How Radial Attention reduces the cost of video diffusion by 4.4 times without sacrificing quality
Introduction to video diffusion model and computing challenges
The diffusion model has made impressive progress in producing high-quality, coherent videos, which is based on the success of image synthesis. However, processing the additional time dimensions in videos significantly increase computational demands, especially because the scale in terms of self-spublishing reduces the sequence length. This makes it difficult to effectively train or run these models on long videos. Attempts like Sparse Video Origin use attention head classification to speed up reasoning, but they struggle with accuracy and generalization during training. Other methods replace Soft Max’s attention with linear alternatives, although these methods often require significant architectural changes. Interestingly, over time, the natural energy decay of the signal stimulates new, more effective modeling strategies.
The evolution of attention mechanism in video synthesis
Early video models extended the 2D architecture by combining time components, but new approaches such as DIT and Latte enhanced spatiotemporal modeling with advanced attention mechanisms. Although 3D intensive attention reaches state-of-the-art performance, its computational cost increases rapidly with the length of the video, which makes the generation of long-term video expensive. Techniques such as time-step distillation, quantization, and sparse attention help relieve this burden, but are often overlooked for the unique structure of video data. Although alternatives such as linear or layered attention increase efficiency, they are often effective in practice to maintain detail or expand.
Introduction to space-time energy decay and radial attention
Researchers at MIT, NVIDIA, Princeton, UC Berkeley, Stanford University and First Intelligence have identified a phenomenon called space-time energy decay in a video diffusion modelAs the spatial or temporal distance increases, attention between the tokens decreases, which reflects the way the signal fades naturally. Inspired by this, they proposed radial attention, a sparse attention mechanism with O(n log n) complexity. It uses a static attention mask, and the tokens mostly take place on nearby masks, and the attention window shrinks over time. This allows pre-trained models to generate videos up to four times longer, reducing training costs by 4.4 times and reducing inference time by 3.7 times while preserving video quality.
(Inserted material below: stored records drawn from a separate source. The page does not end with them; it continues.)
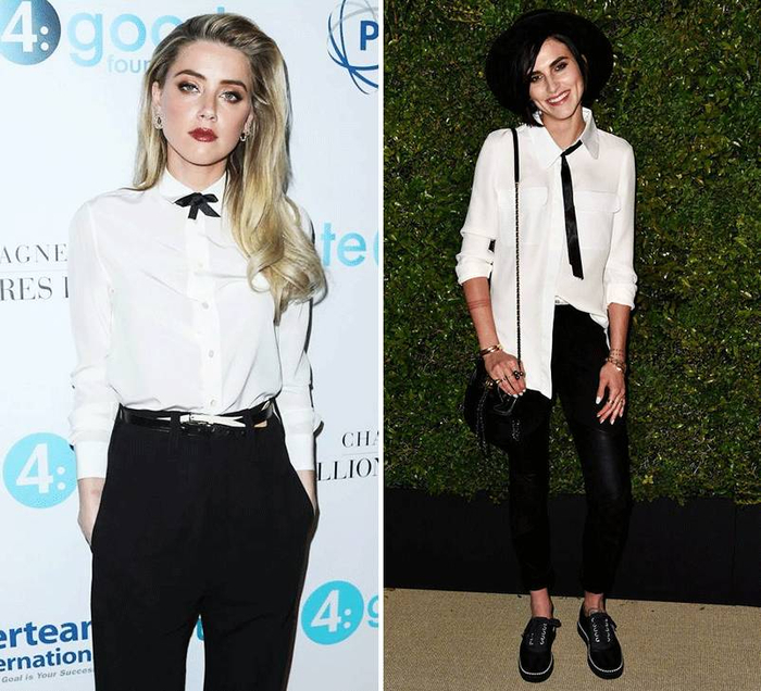 穿纯色衬衫的时候,不妨在领口动点小心思,一条丝带就能巧妙点缀。
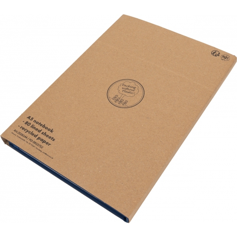 Notes A5, z 80 kartkami w linie, okładka i papier wykonane zostały z materiałów pochodzących z recyklingu.
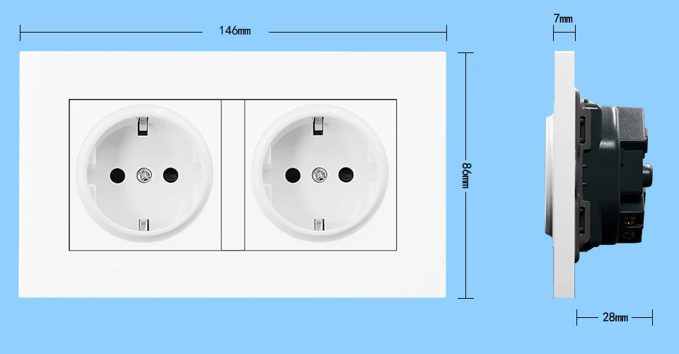 Евророзетка двойная Delviz, 16 А, 110-250 В переменного тока, 146 х86 мм

Sparse attention using the principle of energy decay
Radial attention is based on the insight that attention scores in video models decrease with increasing space and time distances, a phenomenon known as space-time energy decay. Radial attention strategically reduces the situation of weaker attention rather than focusing on all tokens equally. It introduces a sparse attention mask that decays exponentially outward in both time and time, retaining only the most relevant interactions. This leads to O(n log n) complexity, making it faster and more efficient than intensive attention. Additionally, with minimal fine tuning from the Lora adapter, pre-trained models can be adapted to efficiently and efficiently generate longer videos.
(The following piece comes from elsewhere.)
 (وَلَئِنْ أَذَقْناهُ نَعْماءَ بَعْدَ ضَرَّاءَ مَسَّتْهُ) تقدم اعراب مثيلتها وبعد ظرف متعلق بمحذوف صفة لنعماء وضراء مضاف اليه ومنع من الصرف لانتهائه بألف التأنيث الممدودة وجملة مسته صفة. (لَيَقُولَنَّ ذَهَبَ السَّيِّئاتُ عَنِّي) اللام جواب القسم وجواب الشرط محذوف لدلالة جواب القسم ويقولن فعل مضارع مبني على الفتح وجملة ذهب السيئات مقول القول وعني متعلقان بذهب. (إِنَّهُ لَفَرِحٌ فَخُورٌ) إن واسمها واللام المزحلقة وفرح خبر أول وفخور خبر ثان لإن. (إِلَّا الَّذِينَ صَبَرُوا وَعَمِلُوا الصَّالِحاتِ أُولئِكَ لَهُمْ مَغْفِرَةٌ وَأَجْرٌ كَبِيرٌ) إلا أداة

Evaluation of video diffusion model
Radial attention was evaluated on three leading text-to-video diffusion models: Mochi 1, Hunyuanvideo and Wan2.1, both showing improvements in speed and quality. Baselines such as SVG and PowerContention provide better perceptual quality and significant computational growth, including faster inference speeds up to 3.7 times, and 4.4 times lower training costs for extended videos compared to existing sparse attention baselines. It effectively extends to 4x longer video lengths and maintains compatibility with existing Loras (including style Loras). Importantly, in some cases, Lora’s fine-tuning and radial focus fine-tuning are superior to full fine-tuning, indicating its effectiveness and resource efficiency for high-quality long-term power generation.
Conclusion: Scalable and effective long video generation
In summary, radial attention is a sparse attention mechanism designed to effectively handle long-term video generation in diffusion models. Inspired by the observed decline in attention scores, as space and time distances increase, the researchers call radial radial attention for space-time energy decay, an approach that mimics the reduced calculation of natural decay. It utilizes static attention mode, with windows exponentially shrinking, achieving up to 1.9x performance and supporting up to 4x videos. With the help of lightweight fine tuning based on Lora, it significantly reduces the cost of training (4.4×) and inference (multiplied by 3.7x), while both retaining video quality in multiple state-of-the-art diffusion models.
Check Paper and Github page. All credits for this study are to the researchers on the project. Also, please stay tuned for us twitter,,,,, Youtube and Spotify And don’t forget to join us 100K+ ml reddit And subscribe Our newsletter.

Sana Hassan, a consulting intern at Marktechpost and a dual-degree student at IIT Madras, is passionate about applying technology and AI to address real-world challenges. He is very interested in solving practical problems, and he brings a new perspective to the intersection of AI and real-life solutions.